Professional Documents
Culture Documents
2017-07-24 14:40:00
Maricelle O. Monteagudo-Chu, PharmD, BCPS-AQID, and Nageh Shaeishaa, RPH, MSC
Deciding on the duration of antimicrobial therapy for an infection is neither straightforward
nor simple. Most recommendations in infectious disease guidelines are based on either expert
opinions or evidence-based medicine. A short or long course of antibiotics can be given to a
patient, depending on the drug used, the severity of an infection, and response to treatment
(Table 1).
Although antibiotics are, in general, safe, they also have many risks associated with their use,
including the development of allergic reactions, Clostridium difficile infection, and antibiotic
resistance, as well as a higher price tag. As such, many clinicians prefer prescribing a shorter
treatment course. However, it also is important to provide a substantial treatment course so
that an infection is treated adequately and relapse is prevented. This article is a review of the
general principles for setting optimal antibiotic durations of therapy.
CHOICE OF AGENT
Antibiotics work by either selectively killing (bactericidal) or inhibiting the growth
(bacteriostatic) of bacteria. Infections with a high bacterial burden, such as those seen in
infective endocarditis, require treatment with antibiotics with rapid bactericidal activity. In
most cases, more than 1 antibiotic is used to provide synergistic activity and rapid killing. For
example, when treating native valve endocarditis caused by penicillin-susceptible viridans
streptococci, the usual treatment duration can vary from 2 to 4 weeks. If penicillin G or
ceftriaxone monotherapy is prescribed, the treatment duration should be 4 weeks; however, if
either antibiotic is used in combination with an aminoglycoside, then the treatment can be
shortened by 2 weeks.11
Another factor that can affect the efficacy of antibiotics is their ability to penetrate and
remain (for an adequate time) at the site of infection. Fosfomycin tromethamine, quinolones,
nitrofurantoin, trimethoprim-sulfamethoxazole and beta-lactams are some of the antibiotics
used to treat urinary tract infections. Even though these antibiotics can concentrate well in the
genitourinary tract, each can differ in duration of treatment. For example, fosfomycin can be
given in a 1-time dose because a single 3-g oral dose can provide a peak urinary
concentration within 4 hours and remain elevated (>128 mg/L) for ≤48 hours.12 In another
example, Hooton et al found that a 3-day course of cefpodoxime proxetil, a third-generation
cephalosporin, did not provide a similar cure rate as it did with a 3-day regimen of
ciprofloxacin (cure rate, 82% vs 93%, respectively; 95% CI, 3%-18%) for the treatment of
acute uncomplicated cystitis.13
The ability of antibiotics to penetrate necrotic tissues, abscesses, or biofilms also can limit
their efficacy. Infections can be difficult to treat and require prolonged antibiotic courses.

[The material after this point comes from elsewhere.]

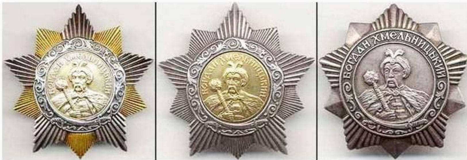
Орден Богдана Хмельницкого (1-2-3 степени)

Unless surgical intervention is undertaken to remove debris and/ or drain abscesses,
antibiotics cannot reach infected sites. For example, a course of antibiotics for intraabdominal
infections is no longer than 7 days; however, if it is difficult to perform the source control
procedure (eg, drain infected foci, control ongoing peritoneal contamination), a longer
treatment course is necessary.8
Rechecking for cultures is not always necessary once a patient begins responding to therapy,
except in the case of bloodstream infections. Monitoring for bacterial clearance is crucial
because day 1 of antimicrobial therapy is the first day on which negative blood cultures are
obtained.15 Acquiring unnecessary cultures should be avoided because a positive culture
having no signs and symptoms of infection could lead to treating colonized bacteria.
The use of biomarkers, such as C-reactive protein (CRP), and the procalcitonin test also has
been instrumental in evaluating antibiotic response and determining the duration of antibiotic
therapy. Unlike CRP, procalcitonin is more specific to bacterial infections; therefore, the test
has been used to curtail unnecessary antibiotic usage. Use of the procalcitonin-guided
algorithm has been shown to reduce the duration of exposure to antibiotics by ≤25% in
patients with lower respiratory tract infections16 and 23% in patients who are critically ill.17
CONCLUSION
Pharmacists are vital team members in antibiotic stewardship. Thus, they should have a good
understanding of the ways in which antibiotics work and the factors that affect their efficacy.
In addition, they must be able to monitor for responses to antibiotics to ensure that patients
are treated adequately and infection relapses are prevented.